It is time once again for CPAC, people tell us, which means the universe itself has stopped on its axis so that we all might gawk in wonder at the most important conclave to ever unite in snake-handling and griftiness. But lo! Who is that hip and happening groovy young man? It is Mitch McConnell, the leader of the minority party of one half of one branch of government! He is, therefore, the most Important Man in the World. And what is he talking about? Oh, just that Hillary Clinton is a strident old biddy more advanced in years than Methuselah and more boner-shrinking than Bea Arthur. This, of course, is not “news.” But what is news is the look on Mitch McConnell’s face after he delivers his “stinger.” Look at his delight with him! Look at his jowls lift in pleasure! Mitch McConnell likes Mitch McConnell a lot!

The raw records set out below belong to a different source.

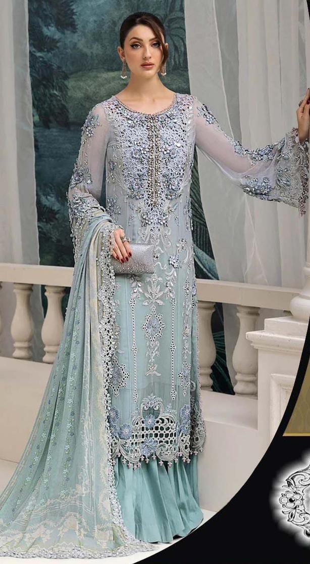 *chiffon tie & die fully heavy alternet embroidered spengle work sleeves with fully hand emblishment adha work & 3d embroidered spengle work flower attach with fancy tulses attach*
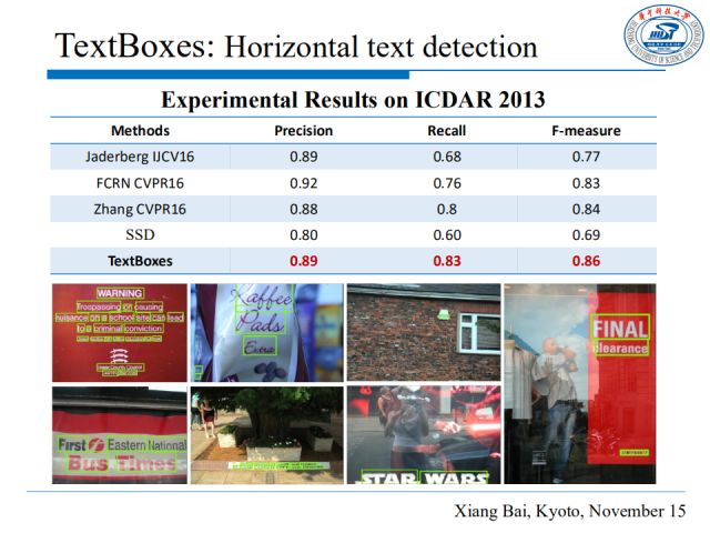 由上表可以看出,TextBoxes明显优于SSD并且在ICDAR2013数据集上达到了state-of-the-arts的效果,这个数据集主要由包含水平文本的图片构成。
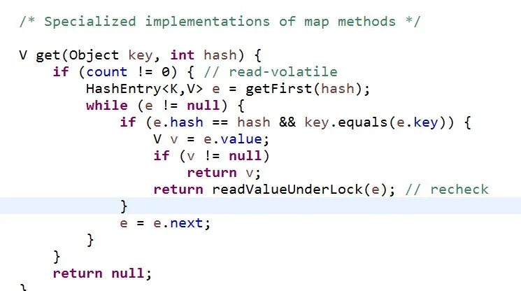 不得不赞叹,作者深厚的功底啊,当执行读的时候,先判断count,count就是一个Segment(充当锁的角色)所守护HashEntry的数量。
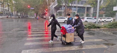 學(xué)校進(jìn)入臨時(shí)管控狀態(tài),但很多學(xué)生人在住宿區(qū)、學(xué)習(xí)物品在北校園的學(xué)習(xí)區(qū),怎么辦?該校通過接訴即辦平臺(tái)收到學(xué)生的反映后,立即作出決策,成立物品傳遞轉(zhuǎn)運(yùn)隊(duì)伍,幫助學(xué)生解決人與學(xué)習(xí)物品分離的問題,學(xué)院書記、院長(zhǎng)和師生志愿者立即行動(dòng)起來(lái)組建搬運(yùn)隊(duì)伍,有的在校內(nèi)幫忙打包學(xué)生物資,有的在校外接應(yīng)、及時(shí)將學(xué)生所需物資送到學(xué)生手里。
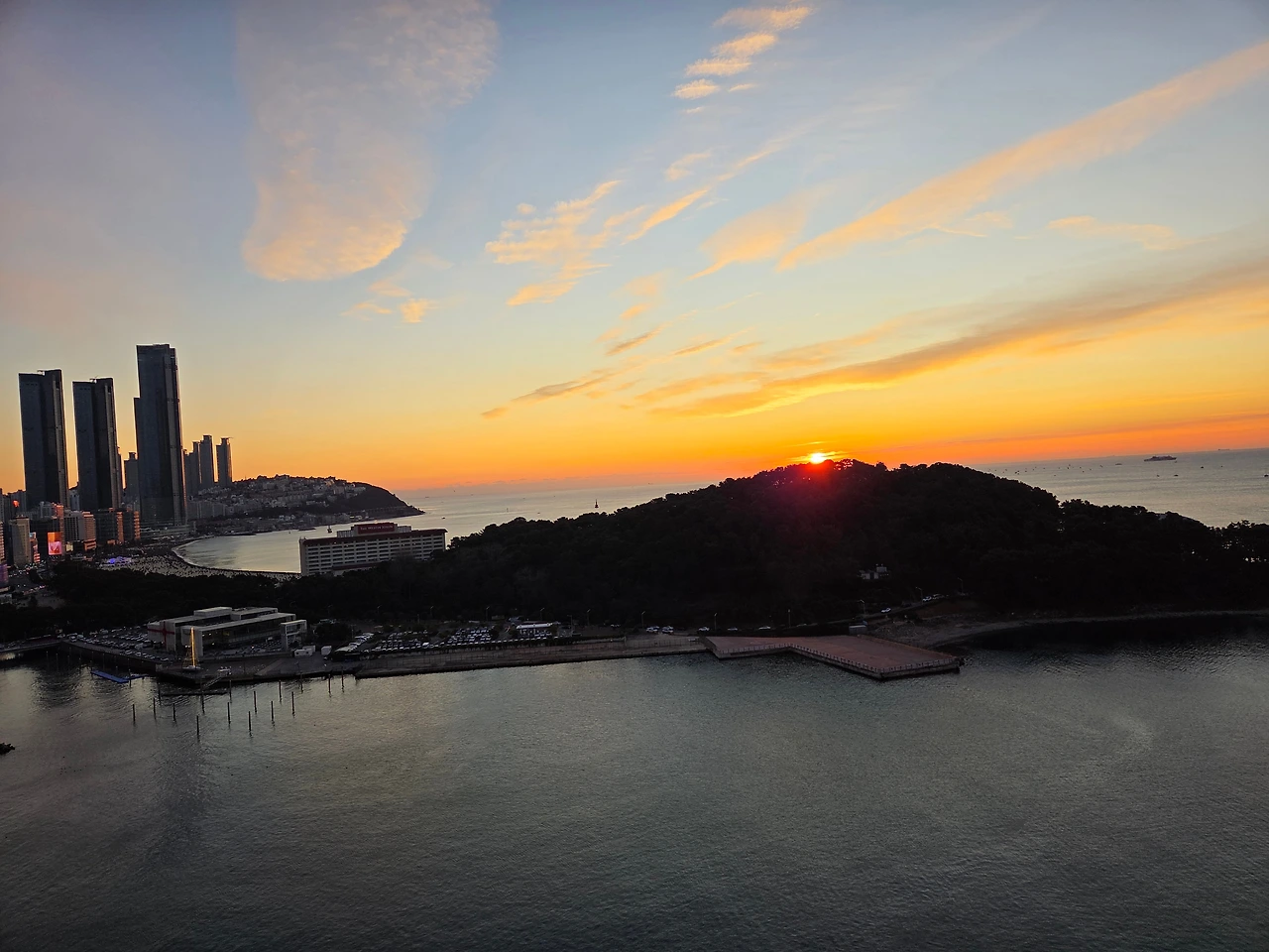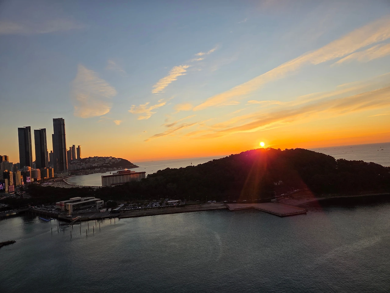 해운대 쪽 하늘을 바라본다.
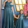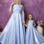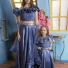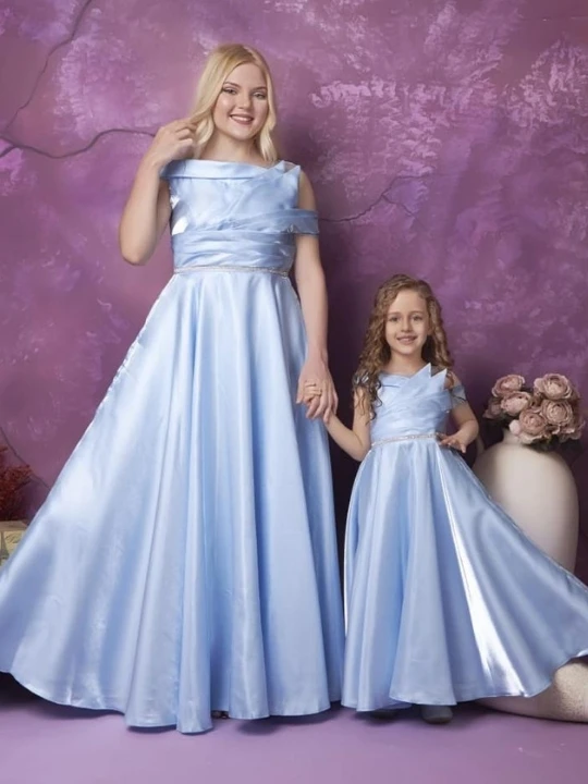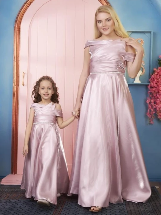 Make every moment special with this stunning mother-daughter matching gown set. Designed in a luxurious satin fabric, this gown set features an off-shoulder wrap-style bodice, adding a touch of elegance and sophistication. The flowy A-line skirt enhances the royal look, ensuring both comfort and grace. Whether it’s a wedding, formal event, or a special occasion, this dress set is the perfect choice for a stylish and coordinated appearance.
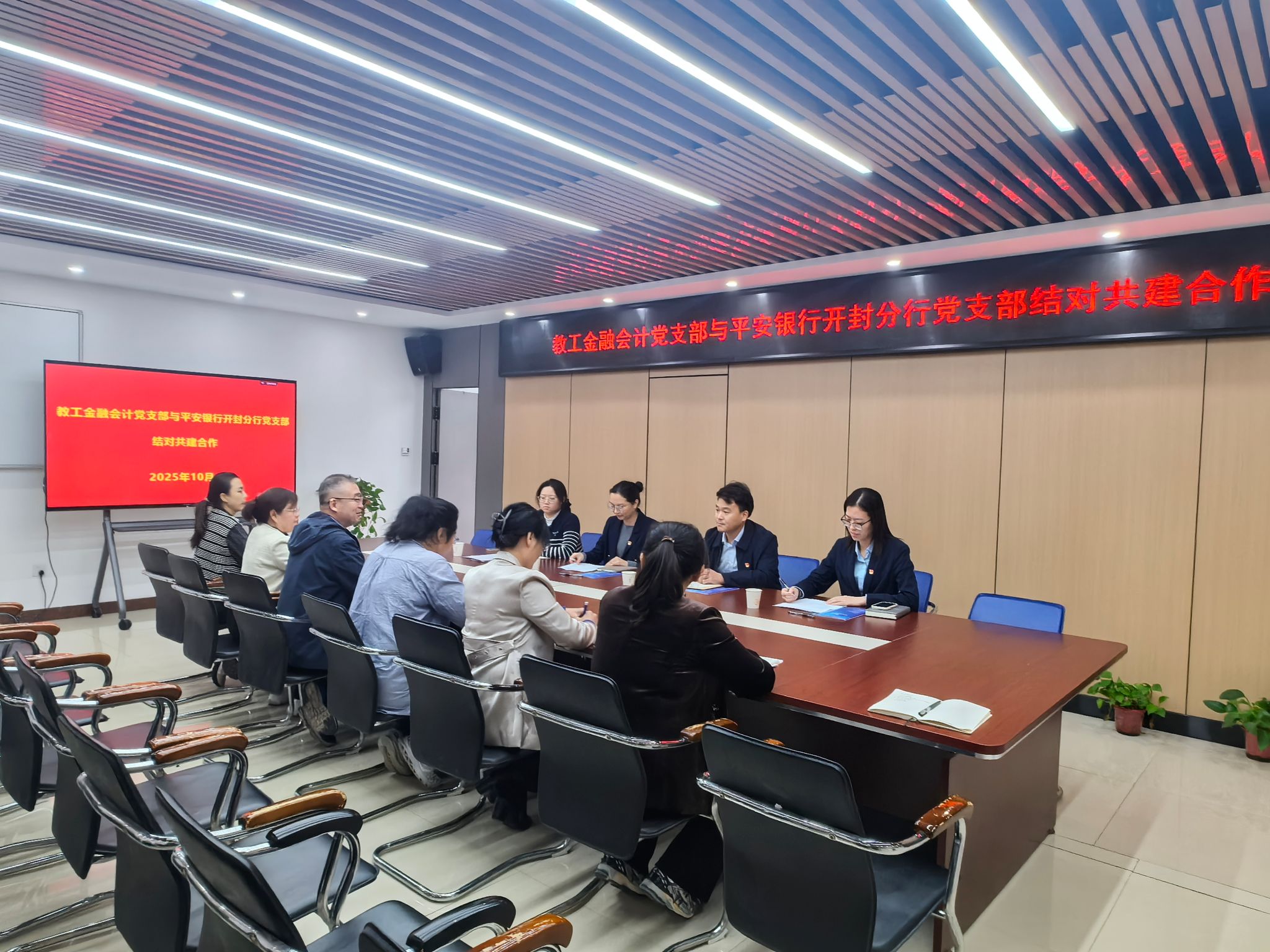 为深化党支部结对共建成效,推动党建与业务深度融合,10月15日,黄河水利职业技术大学教工金融会计支部与平安银行开封分行党支部联合开展“党建引领强素养,校银协同共提升”主题党日活动。学院党总支书记胡晓慧、院长吴宗奎、教工支部书记舒莎、平安银行开封分行行长党支部书记吉龙、平安银行开封分行运管部总经理温丹以及双方党支部党员代表参加了此次活动。
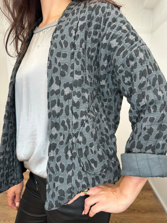 Romano Reversible Chocolate/Leopard print quilted jacket
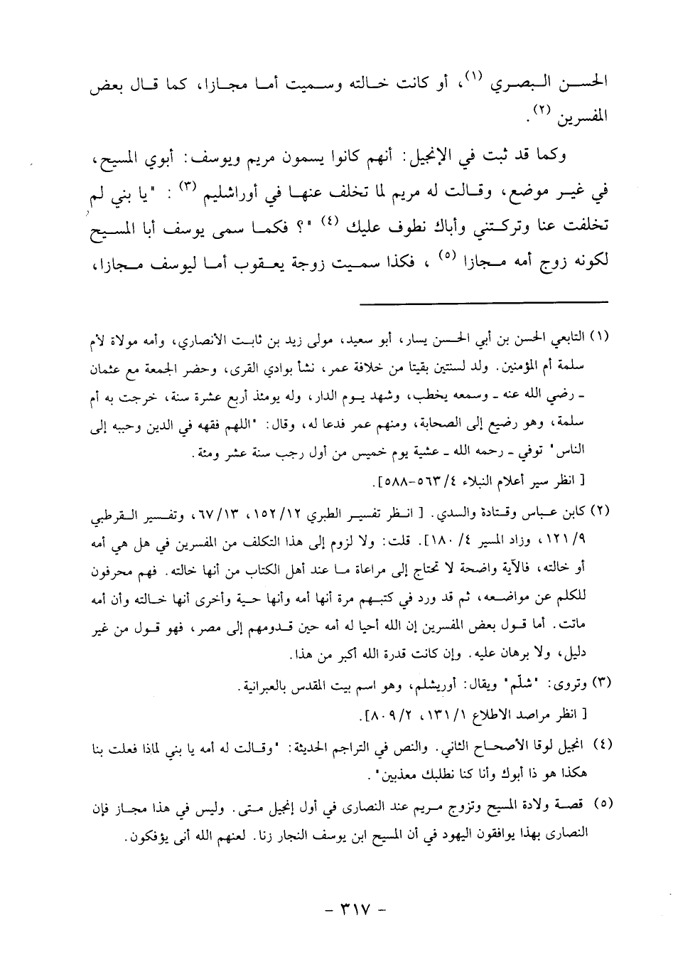 (5) قصة ولادة المسيح وتزوج مريم عند النصارى في أول إنجيل متى. وليس في هذا مجاز فإن النصارى بهذا يوافقون اليهود في أن المسيح ابن يوسف النجار زنا. لعنهم الله أنى يؤفكون.
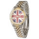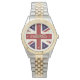 British Union Jack flag custom bracelet watch. Personalizable with your own custom text or name. Classy design with vintage UK flag.
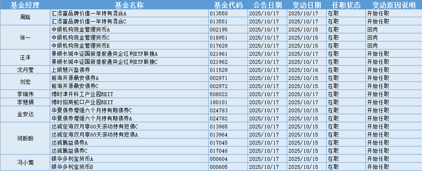 新基金经理上任方面,景顺长城基金汪洋现任基金资产总规模为415.68亿元,管理过的基金都为指数型基金,任职期间回报最高的产品是景顺长城纳斯达克科技ETF联接(QDII)A人民币(017091),为指数型基金,在任职的2年又313天时间内获得132.90%的回报,至今仍在管理该基金。新上任景顺长城中证国新港股通央企红利ETF联接A、景顺长城中证国新港股通央企红利ETF联接C这两只基金产品的基金经理。
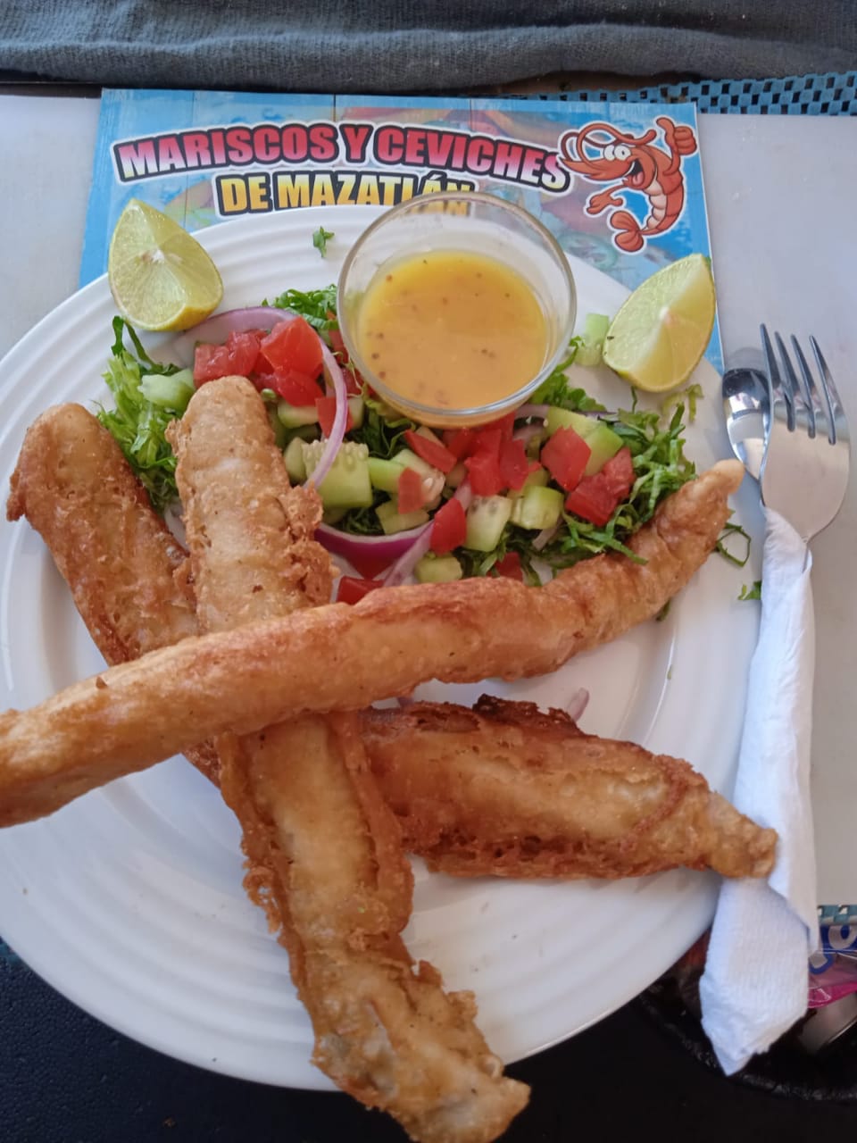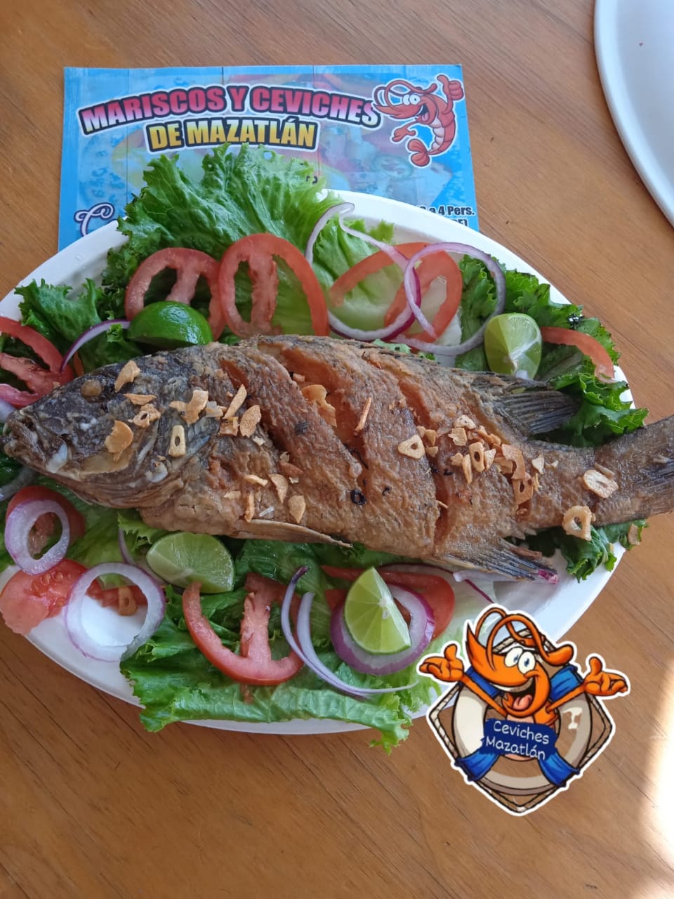 1 Tostilocos de Camarón, 1 orden de filetes fritos (3 pz), ensalada y 1 refersco de 355 ml.
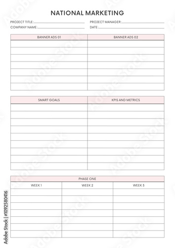 Marketing Planning Page Planner Sheets for Efficiently Organizing, Tracking, and Managing Marketing Activities, Campaigns, Strategies, Goals, and Performance Across Multiple Channels and Platforms Pag
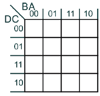 Blank 4-bit Karnaugh map for inputs A, B, C and D
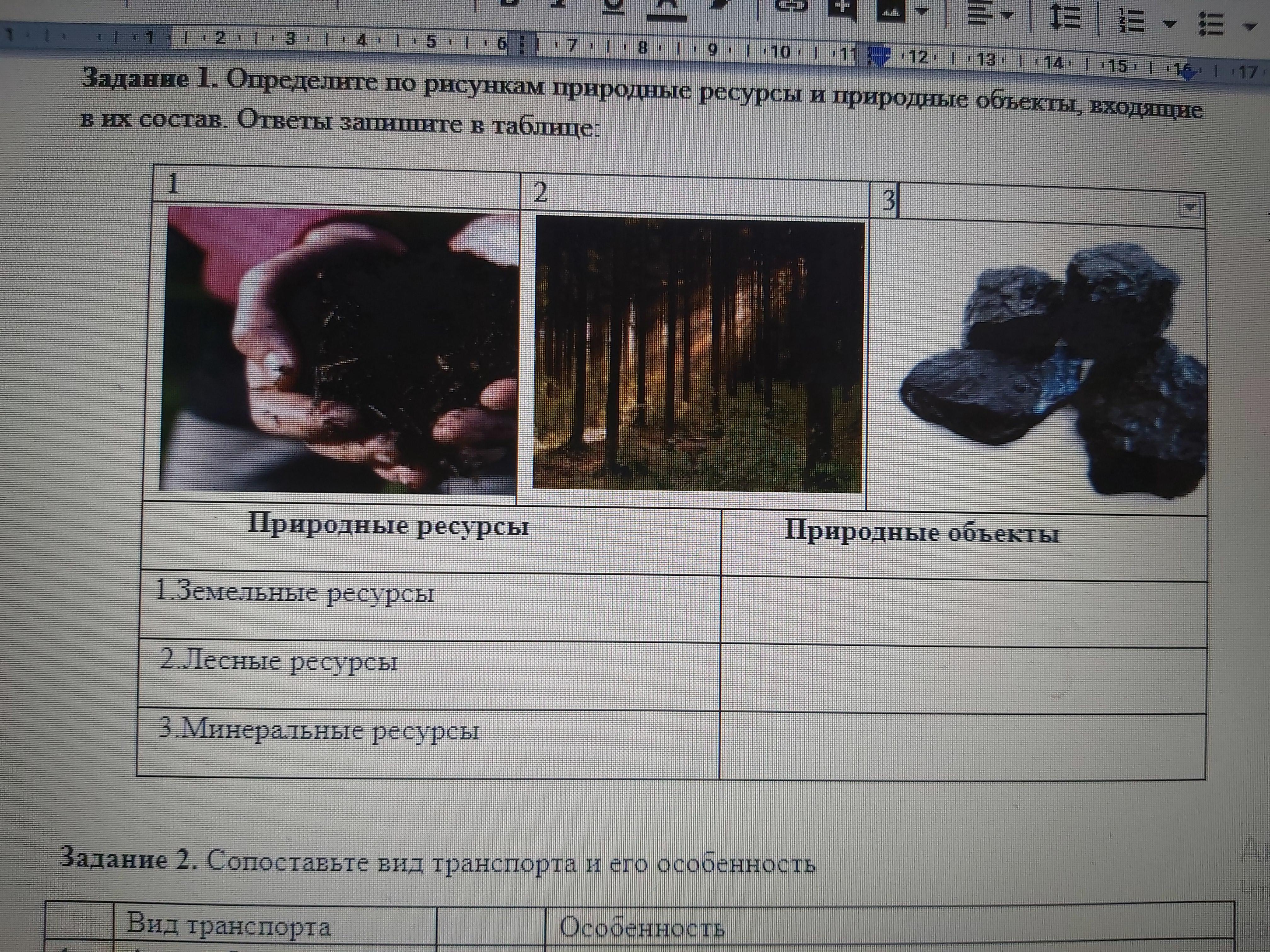 Определите по рисункам природные ресурсы и природные объекты, входящие в их состав. Советы запишите в таблицы

Haw haw haw, says Mitch McConnell, the Republican party is full of vigorous men like Rand Paul and Paul Ryan and … Bobby Jindal probably? But the Democrats? Their party is full of ladies! GOOD ONE, MITCH MCCONNELL! We are lolz!
Oh, sure, Mitch McConnell’s joke presumably was about Hillary Clinton’s obvious oldness (six years younger than Mitch McConnell) instead of her status as a person with (presumably) a vagina and oves and fallopes and other gross disgusting things, instead of a prostate, because prostates are awesome. But that is funny that he only cited the young men in his party instead of obvious Candidate of the Future, whatsername, “Where’s the Girl.”